The NRA was the biggest and most damaging of the New Deal's harmful interest group power grabs. But it was far from the only one. For example, all law students study the Supreme Court's decision in Wickard v. Filburn, which upheld the Agricultural Adjustment Act requirement that farmers limit their production in order to raise prices. Like the NRA, the AAA was a cartel scheme intended to raise prices in order to benefit big producers (AAA production quotas and subsidies were based on the amount of farmland each farmer owned, thus benefiting bigger producers who owned more land) at the expense of consumers and smaller competitors. The predictable and intended effect of the AAA was to raise food prices - this in the midst of a Depression when many people were already suffering from malnutrition and could not easily tighten their belts further.

The NRA, AAA and other similar measures were made possible by the crisis atmosphere of the time, combined with widespread political ignorance (discussed in my article) which made it difficult for voters to tell the difference between genuinely needed emergency measures and interest group rent-seeking masquerading as such. As a result, many policies were enacted that made the Depression longer,deeper, and more painful than it would have been otherwise. Today, even many historians sympathetic to FDR and his policies concede that they failed to end the Depression (unemployment remained in double digits until World War II) and that some of them worsened the lot of the poor and unemployed more than they helped. Econometric studies show that much of the increased government spending generated by the New Deal was transferred to politically powerful interest groups who could help FDR and his allies win reelection rather than to the poor and needy.

I don't claim that every aspect of the New Deal was harmful. Some parts of it were either beneficial or at least defensible given the information available at the time. Still, a great deal of extremely damaging legislation was enacted because powerful interest groups were able to exploit the combination of a crisis atmosphere and public ignorance.

Today's situation isn't exactly equivalent to that of the 1930s. The bank crisis is much less severe than that of the Depression and the bailout proposed by the Bush Administration is probably not as damaging as the NRA was. But we still could end up repeating some of the policy fiascoes of the Depression era, even if on a lesser scale. The history of the 1930s suggests that we should be skeptical when political leaders claim that we must act immediately to address an economic emergency - especially if they want to do so in ways that transfer enormous amounts of wealth from the general public to influential interest groups. Widespread political ignorance is still with us; indeed Americans' average level of political knowledge has risen very little, if at all, over the last fifty years. And political pressure to "do something" to alleviate the perceived emergency can easily be exploited by interest groups at the expense of the rest of us. Already, a variety of interest groups are trying to take advantage of the crisis atmosphere by obtaining bailouts of their own - just as happened during the Depression.
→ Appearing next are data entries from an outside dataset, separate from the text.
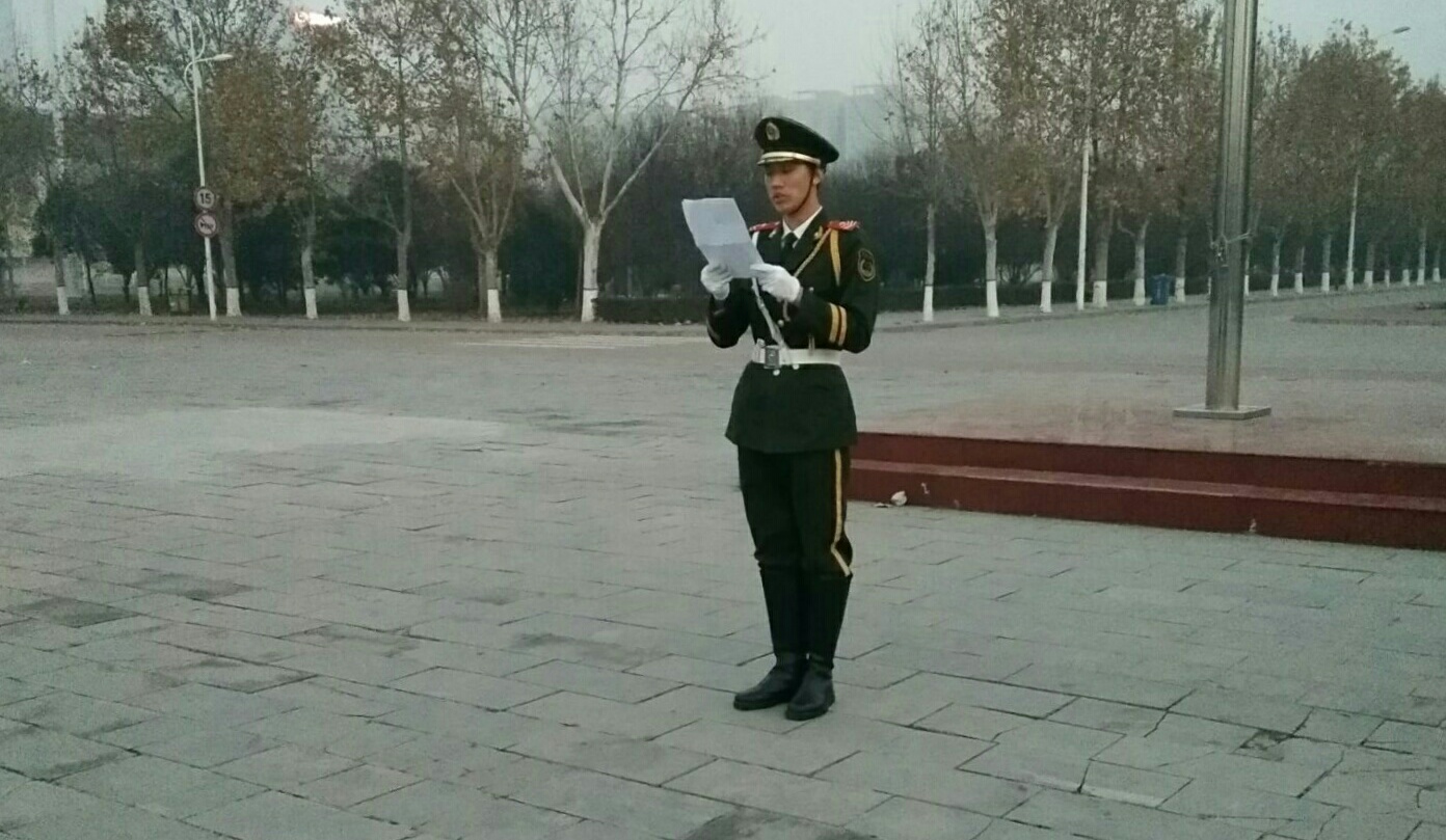升旗仪式于7:00准时开始,国旗班的旗手们迎着朝阳,以饱满的热情,护卫着五星红旗来到旗杆下。当雄壮有力的《义勇军进行曲》响彻整个校园时,全体师生集体行注目礼,全场弥漫着庄严肃穆的气息。鲜艳的五星红旗冉冉升起,激发了所有同学不断向上的斗志,点燃了在场所有人的爱国激情。升旗完毕后,由16级员工代表毛岭同学和国旗护卫队代表师东超同学依次上台进行国旗下讲话。毛岭同学的发言指出作为一个优秀的老员工应心怀祖国,严格要求自己。师东超的演讲则体现了当代老员工的社会责任感,要牢记历史使命,发扬中华精神。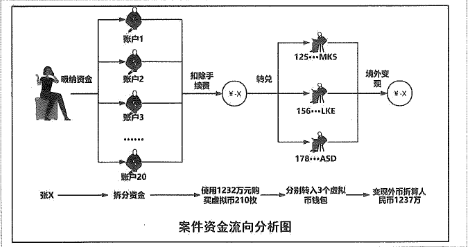 17.2024年11月,新兴市公安局经侦支队在工作中发现,张×虚构“新型桥接”网络技术项目进行非法集资,金额高达1240万元。立案侦查后,侦查员小涂对调取的相关数据进行梳理,制作了“案件资金流向分析图”(见下图)。从图中信息来看,下列选项中对案件分析不正确的是:()(2025年国考)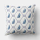 Ein sich wiederholendes Muster zeigt blaue Segelboote, die in einem Gitter angeordnet sind, das durch Seilknoten gebildet wird. Das Thema Wassersport wird durch die konsequente Platzierung und maritimen Elemente betont, die ein beruhigendes und harmonisches visuelle schaffen.
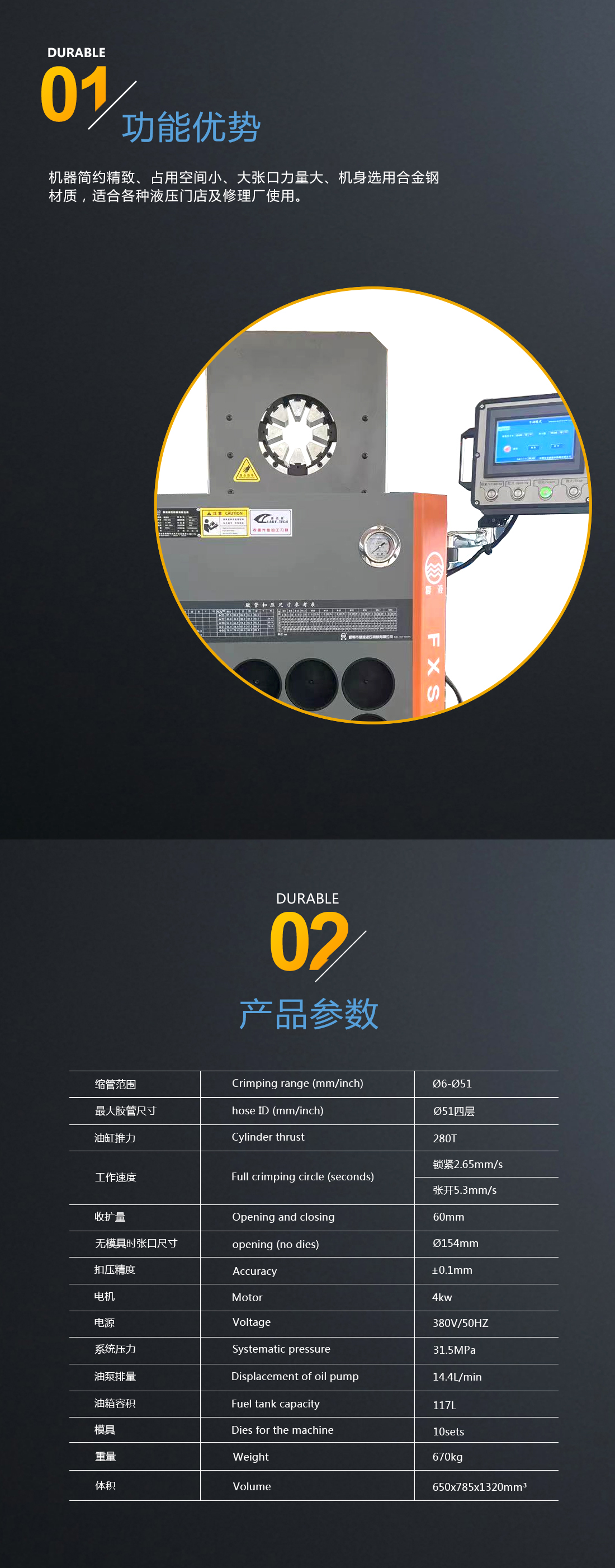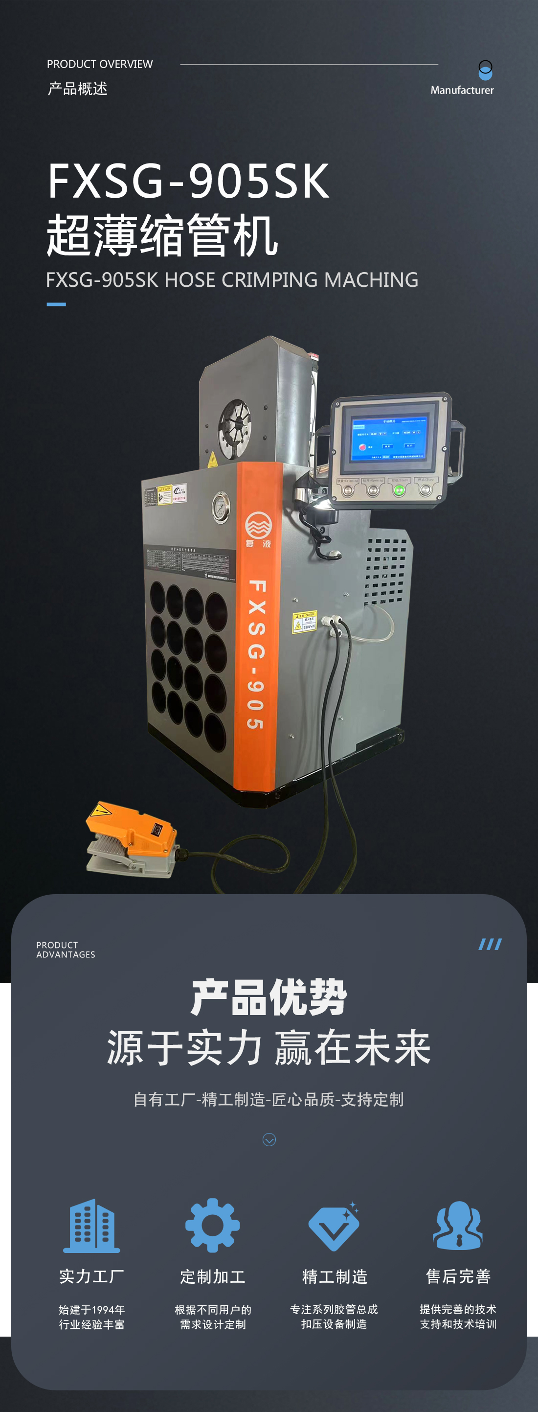 我公司新研發(fā)成功了超薄系列縮管機(jī),扣壓重復(fù)精度可達(dá)到0.1mm。超薄的結(jié)構(gòu)形式克服了傳統(tǒng)環(huán)形扣壓機(jī)固有的不足,能夠非常方便的扣壓形狀復(fù)雜的高壓油管總成和異型軟軸軟管。此款機(jī)器外觀尺寸更小,采用人性化設(shè)計(jì),更方便使用者操作。控制系統(tǒng)采用的是PLC+觸摸屏模式,位移傳感器采集信號精度高,系統(tǒng)可采用手動(dòng)、半自動(dòng)和全自動(dòng)三種模式,用戶可根據(jù)實(shí)際加工的工況非常方便的進(jìn)行選擇,從而大大提高加工效率。在您使用的過程中如遇到有不方便之處請及時(shí)與我們聯(lián)系,我們將以不懈的努力提高您的產(chǎn)品質(zhì)量和工作效率。

We should do all we can to avoid going down that road again.

UPDATE: I have corrected a couple of typos, including one where I accidentally typed "NRA" when I meant "AAA."

UPDATE #2: I suppose it's only fair to point out that Joe Biden's remarks, linked in the first sentence of the post, only urged Bush to go on TV and explain the crisis (as Biden said FDR had done in 1929). However, this remark has to be considered in the broader context in which Biden and many others have been calling for swift government intervention similar to what was done in the 1930s. Biden has even expressed anger at John McCain for supposedly preventing the administration's massive bailout from going through fast enough. This last comment should not be read as an endorsement of McCain's own conduct, since he also strikes me as overly eager for a massive bailout.